Another approach is sampling. A training loader can oversample rare classes or undersample common classes. This changes the training distribution, so validation should still be performed on the natural distribution.

A third approach is threshold tuning. For rare labels, a default threshold of 0.5 may be too conservative.

Calibration

A classifier produces scores. In many applications, we want these scores to behave like probabilities.

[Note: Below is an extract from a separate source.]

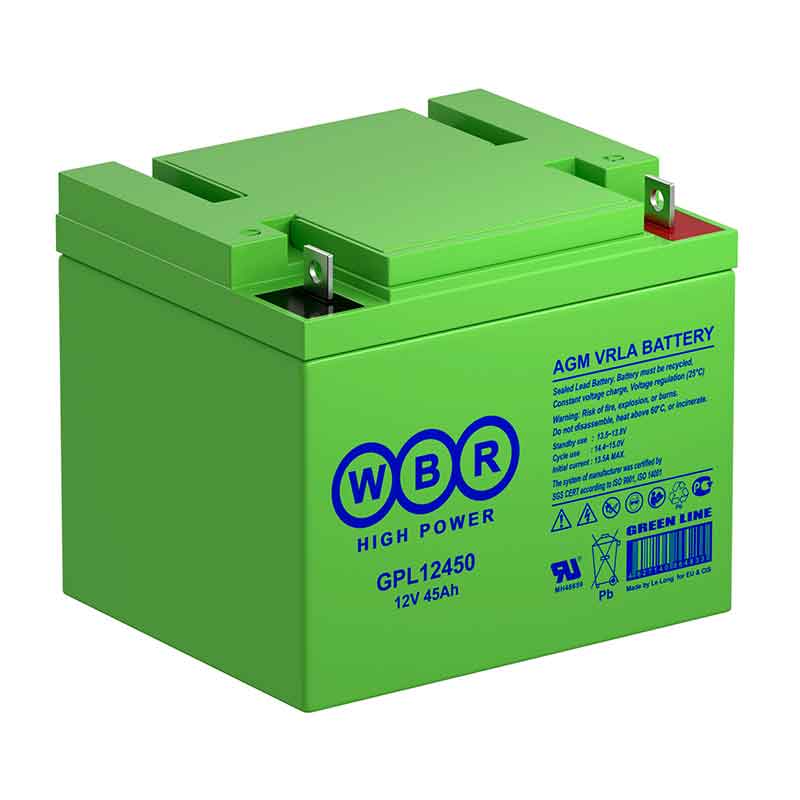 **Аккумулятор WBR GPL12450 (12V / 45Ah)**Свинцово-кислотный аккумулятор WBR GPL 12450 ёмкостью 45 Ач, напряжением 12 В может использоваться как в циклическом, так и в буферном режиме. Главной особенностью батареи является продолжительный срок службы — при правильном использовании он может достигать 12 лет. Ударопрочный корпус из ABS-пластика надёжно герметизирован, что вместе с технологией AGM полностью исключает протечку электролита. Аккумулятор WBR GPL 12450 необслуживаемый, а значит на протяжении всего периода использования долив электролита не требуется. Более подробную информацию можно получить в разделе « Документы ». Дата производства аккумулятора WBR GPL 12450 указана на крышке в виде символьного кода. Аккумуляторная батарея WBR GPL 12450 имеет усовершенствованную конструкцию легированных кальцием электродов из особо чистого свинца, что обеспечивает продолжительный срок службы и улучшенные разрядные характеристики. Аккумулятор отвечает всем современным требованиям к герметизированным батареям, имеет: сертификат соответствия Госстандарта РФ ('Ростест'), заключение ВНИИПО МВД 'О пожаровзрывобезопасности'. Технические характеристики АКБ WBR GPL 12450 Номинальное напряжение 12 В Число элементов 6 Максимальный разрядный ток (25 °С) 540 А (5 с) Внутреннее сопротивление полностью заряженной батареи (25 °С) 7.5 мОм Саморазряд (при 20 °С) 3% в месяц Срок службы в буферном режиме 12 лет Циклический режим (2,3–2,35 В) Максимальный зарядный ток 13.5 А Температурная компенсация - мВ/°С Буферный режим (2,23–2,27 В) Температурная компенсация - мВ/°С Диапазон рабочих температур Оптимальная рабочая температура 20–25 °С Разряд -40 °С ~ 60 °С Заряд -20 °С ~ 60 °С Хранение -40 °С ~ 60 °С Конструкция аккумулятора WBR GPL 12450 Компонент Материал Положительная пластина Диоксид свинца Отрицательная пластина Свинец Корпус и крышка Синтетическая смола ABS Клапан предохранительный Каучук Клеммы Медь Сепаратор Стекловолокно Электролит Серная кислота Особенности аккумулятора WBR GPL 12450 Срок службы до 12 лет Не требуется обслуживание (долив воды) Может использоваться в любом положении Технология AGM Прочный корпус из ABS-пластика Применение аккумулятора WBR GPL 12450 Источники бесперебойного питания Охранные и пожарные системы безопасности Оборудование электросвязи Аварийное освещение Электроинструмент Телеметрическое, портативное измерительное, контрольное и другое оборудование Разряд постоянным током, А (при 25 °С) АКБ WBR GPL 12450 Конечное напряжение, В/эл. 5 мин 10 мин 15 мин 30 мин 1 ч 2 ч 3 ч 4 ч 5 ч 10 ч 20 ч 1.85В 127 79.5 60.3 31.7 24.6 12.9 10.3 8.2 6.97 4.1 2.15 1.80В 153 95.6 71 37.3 26.1 13.7 10.9 8.7 7.4 4.35 2.28 1.75В 171 107 78.3 41.1 27 14.2 11.3 9 7.65 4.5 2.36 1.70В 183 114 83.1 43.6 27.7 14.6 11.5 9.22 7.84 4.61 2.42 1.65В 190 118 85.6 45 28.2 14.8 11.8 9.4 7.99 4.7 2.47 1.60В 193 121 87 45.7 28.4 14.9 11.9 9.48 8.06 4.74 2.49 Разряд постоянной мощностью, Вт (при 25°С) АКБ WBR GPL 12450 Конечное напряжение, В/эл. 5 мин 10 мин 15 мин 30 мин 1 ч 2 ч 3 ч 4 ч 5 ч 10 ч 20 ч 1.85В 233 116 62 48.8 25.7 20.5 16.4 14 8.23 4.34 1.80В 280 136 73 51.8 27.3 21.8 17.4 14.9 8.74 4.61 1.75В 314 150 80.5 53.6 28.2 22.5 18 15.4 9.04 4.76 1.70В 336 159 85.4 54.9 28.9 23.1 18.4 15.7 9.26 4.88 1.65В 347 164 88.1 55.9 29.5 23.5 18.8 16 9.44 4.98 1.60В 354 167 89.4 56.4 29.7 23.7 19 16.2 9.52 5.02 Транспортировка Свинцово-кислотный аккумулятор WBR GPL 12450 надёжно герметизирован благодаря технологии AGM (стекловолоконные сепараторы, пропитанные электролитом) и ударопрочному корпусу из ABS-пластика. Это позволяет транспортировать и устанавливать батареи в любом положении (кроме эксплуатации «дном вверх» для обеспечения корректной работы предохран

A model is calibrated when examples assigned probability 0.8 are correct about 80 percent of the time.

Neural classifiers are often miscalibrated. They may be overconfident, especially after extensive fine-tuning. Calibration can be improved with temperature scaling.

For logits $z$ , temperature scaling computes

p = \operatorname{softmax}(z / T),

where $T > 0$ is learned on a validation set. Larger $T$ makes the distribution softer. Smaller $T$ makes it sharper.

Calibration matters when probabilities are used for ranking, triage, deferral, or risk estimation.

Long Documents

Long document classification creates additional problems. Many transformer models have a maximum context length. A document may exceed that length.

Common strategies include truncation, sliding windows, hierarchical models, retrieval, and sparse attention.

Strategy	Method	Tradeoff
Truncation	Keep first or last tokens	Simple but may discard evidence
Sliding window	Classify chunks and aggregate	More compute
Hierarchical model	Encode chunks, then encode chunk vectors	More complex
Retrieval	Select relevant passages	Depends on retrieval quality
Long-context model	Use model with larger context window	Higher memory cost

For document classification, mean pooling over chunks is often a strong baseline. More advanced systems may use attention pooling over chunk representations.

Error Analysis

Text classification errors should be analyzed with examples, not only aggregate metrics.

Useful questions include:

Question	Purpose
Which classes are confused?	Detect overlapping labels
Which examples have high confidence but wrong predictions?	Detect systematic failures
Which examples are low confidence?	Find ambiguous data
Are rare classes ignored?	Diagnose imbalance
Are labels noisy?	Improve dataset quality
Are certain groups or dialects harmed?	Check fairness and robustness

A confusion matrix is often the first diagnostic tool for single-label classification. For multi-label classification, per-label precision, recall, and threshold curves are more informative.

Common Errors

A frequent error is applying softmax before CrossEntropyLoss. In PyTorch, CrossEntropyLoss expects logits. Passing probabilities can make training less stable.

Correct:

loss = nn.CrossEntropyLoss()(logits, labels)

Incorrect:

probs = torch.softmax(logits, dim=1)
loss = nn.CrossEntropyLoss()(probs, labels)

Another common error is using CrossEntropyLoss for multi-label classification. Multi-label targets need BCEWithLogitsLoss.

A third error is averaging embeddings without masking padding. Padding tokens should not contribute to the pooled representation.

A fourth error is evaluating on tokenized or truncated text without checking how much content was removed. Silent truncation can create misleading results.

Summary

Text classification maps text to labels. A neural classifier usually consists of a tokenizer, embedding layer, encoder, pooling step, and classifier head.

Single-label classification uses one class per example and is usually trained with cross-entropy loss. Multi-label classification allows several active labels and is usually trained with binary cross-entropy with logits.

Simple bag-of-embeddings models are fast and useful baselines. CNNs capture local phrases. RNNs summarize sequences. Transformers provide contextual representations and are the dominant architecture for high-accuracy NLP systems.